Main

The brain is not a video camera; it does not provide an exact replay of experienced events. Rather, memories for specific events are constructed at the time of retrieval, which makes the process of remembering prone to errors. The study of such errors can provide insights into the inner workings of memory. Particularly instructive are reality-monitoring errors, in which an event that was only imagined is remembered as if it had actually happened1. One way to raise the probability that a reality-monitoring error will occur is to increase the perceptual vividness of an imagined event. Memories with vivid perceptual information tend to be attributed to perceptual experiences, whereas memories that are perceptually vague or dim are more likely to be attributed to imagined experiences. In one experiment, for example, greater imagery of a concocted childhood event increased the likelihood that participants would later believe the event had actually happened2. In other experiments, encoding words with an emphasis on imagery increased the number of errors when people later tried to remember whether particular items were seen as words or pictures3,4.

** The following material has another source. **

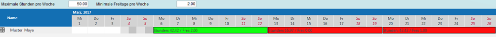 In der Wochenübersicht wird geprüft, ob die wöchentliche Höchstarbeitszeit (50 Stunden) und der wöchentliche Ruhetageanspruch (2 Tage) eingehalten wurden.

A plausible account of the neural events responsible for these reality-monitoring errors is emerging from neuroimaging studies. First, visual imagery activates many of the same brain areas active during visual perception5,6,7, which suggests that images and percepts can have overlapping memory representations in the cerebral cortex. Particularly vivid visual imagery of an event might lead to the formation of a memory trace that is indistinguishable from the trace that would have been formed from actual perception of the event. This idea is consistent with accounts of episodic memory that claim that memory traces consist of distributed networks in cortical regions involved in initially encoding an event, and that these networks are re-activated when the memory is retrieved8,9,10.

Several studies have found differences in the neural correlates of true and false memories. These experiments used a procedure in which participants studied lists of strong semantic associates of nonpresented words termed 'critical lures'11,12. When tested in this manner, subjects falsely recall or recognize many of the critical lures as study-phase items. Differential neural activity associated with true versus false memory in this procedure has been observed with positron emission tomography (PET)13, functional magnetic resonance imaging (fMRI)14 and event-related potentials (ERPs15,16). The most common effects were found only when true and false memories occurred in a blocked testing format, and these effects probably reflect post-retrieval monitoring processes subserved by prefrontal cortex. However, retrieval itself may not be experienced in an identical way for true and false memories, given that veridical memories tend to be rated as having more perceptual detail17,18. Yet, it is unclear which brain activity is responsible for phenomenological differences between true and false memories.

To investigate how perceptual aspects of true and false memories may differ, reality-monitoring protocols may prove more useful than protocols based on lists of strong semantic associates. The latter are effective because critical lures receive semantic activation from their associates before the test phase. Reality-monitoring errors are a more prevalent form of memory distortion in everyday life, and they arise as a consequence of the similarity between the encoding of imagined and perceived events. Accordingly, we developed a protocol for generating reality-monitoring errors, and used the ERP method to provide a moment-by-moment record of relevant neurophysiological activity at encoding and retrieval19. Furthermore, we built on our previous observation of an ERP correlate of visual imagery during memory retrieval20. Participants in this previous experiment studied sets of spoken words either with or without using visual imagery, and they later recognized words encoded with visual imagery better than those encoded without imagery. ERPs from occipital scalp locations differed for these two types of words, and these differences were interpreted as reflections of the enhanced retrieval of visual object representations for words encoded using visual imagery.

We reasoned that the same sort of occipital ERPs could provide markers of relevant retrieval events in the present experiment. Participants viewed words during a study phase (Fig. 1) and mentally generated a visual image of the object corresponding to each word. For half the words, a color photograph of the object was also shown. During a recognition test, participants listened to spoken words and, for each one, decided whether it corresponded to an object seen during the study phase. This procedure induced participants to confuse memories for imagined pictures with memories for perceived pictures. Because visual images were generated for all studied words, multiple perceptual and cognitive factors were held constant between the two study conditions (word-only and word plus picture). Using spoken words during testing was advantageous because the absence of visual processing requirements freed up resources for visual imagery20,21. We hypothesized that accurate memories for pictures would be associated with more perceptual detail than would false picture memories, and that neural activity recorded from the scalp could implicate such memory-related imagery.

Figure 1: Experimental procedure.
figure 1

In the study phase, words, pictures and filler rectangles appeared for 300 ms each, at a constant rate. Four trials are shown: word plus picture, word only, word only and word plus picture. In the test phase, words were presented at a constant rate, but the duration of each spoken word varied from 240–690 ms (mean, 475 ms).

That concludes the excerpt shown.